DAKAR,25 MARS 2026(JVFE)-Au 26e jour de la guerre (24-25 mars 2026), une ouverture diplomatique majeure semble se dessiner entre Washington et Téhéran, malgré des démentis iraniens persistants sur la tenue de négociations directes.
Trump avait auparavant menacé de « raser » les centrales électriques iraniennes, ce qui, selon certains, constituerait un crime de guerre, si le détroit n’était pas rouvert avant lundi soir, heure de Washington.
Alors qu’un conflit militaire d’envergure oppose les États-Unis et Israël à l’Iran depuis début mars 2026, des signaux diplomatiques contradictoires ont émergé le 24 et 25 mars 2026 concernant un éventuel plan de paix et la circulation dans le détroit d’Ormuz.
Face au blocus qui a fait s’envoler les prix mondiaux de l’énergie, l’Iran a assoupli sa position maritime via une lettre à l’Organisation maritime internationale (OMI) :
- Navires “non hostiles” autorisés : Téhéran autorise désormais le passage des navires qui ne participent pas et ne soutiennent pas “l’agression contre l’Iran”.
- Exclusion stricte : Les navires appartenant ou associés aux États-Unis ou à Israël restent formellement interdits de passage.

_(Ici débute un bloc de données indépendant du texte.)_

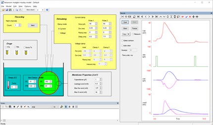 HODGKIN-HUXLEY is a direct implementation of the original Hodgkin-Huxley model of a nerve impulse. It operates in either current clamp or voltage clamp mode, each with square or ramp waveform and user-defined amplitude and timing. A wide range of phenomena can be simulated, including refractory period, threshold accommodation, voltage clamp tail currents, single channel patch clamp conductances and many others. Various drugs can be applied, and the temperature and ionic concentrations can be varied.
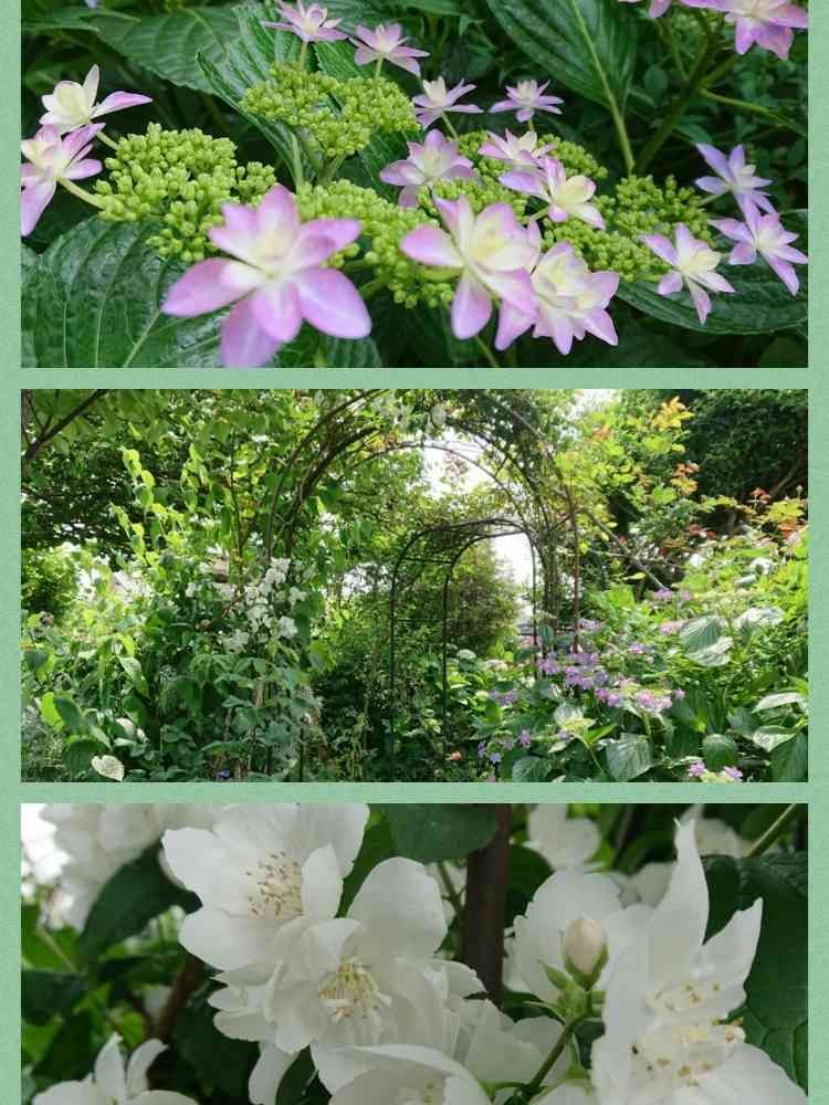 左側からバイカウツギがアーチの上で出会っています💮🌿
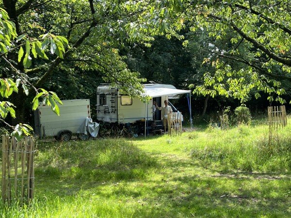 Auf unser schönen Obstwiese, idyllisch in einem historischen Bauernwald gelegen, bieten wir 2 Stellplätze.

- Conditions de transit : Pour bénéficier de ce passage sécurisé, les navires doivent se coordonner avec les autorités iraniennes et respecter strictement les réglementations de sécurité imposées par Téhéran.
- Réaction des marchés : Donald Trump a qualifié cette annonce de “cadeau” et de signe de bonne foi dans le cadre des négociations.
Le conflit reste toutefois actif, avec des frappes persistantes et des menaces de ripostes sur des infrastructures vitales si les négociations n’aboutissent pas rapidement.
Le président américain a intensifié ses efforts diplomatiques tout en maintenant une pression militaire.
Donald Trump a officiellement transmis une proposition de paix à Téhéran pour mettre fin aux hostilités.
Donald Trump a proposé un plan de paix à l’Iran et s’est montré optimiste sur les chances de parvenir à un accord, Téhéran indiquant de son côté qu’il laissera passer les navires non hostiles par le stratégique détroit d’Ormuz, au 26e jour de la guerre qui embrase le Moyen-Orient.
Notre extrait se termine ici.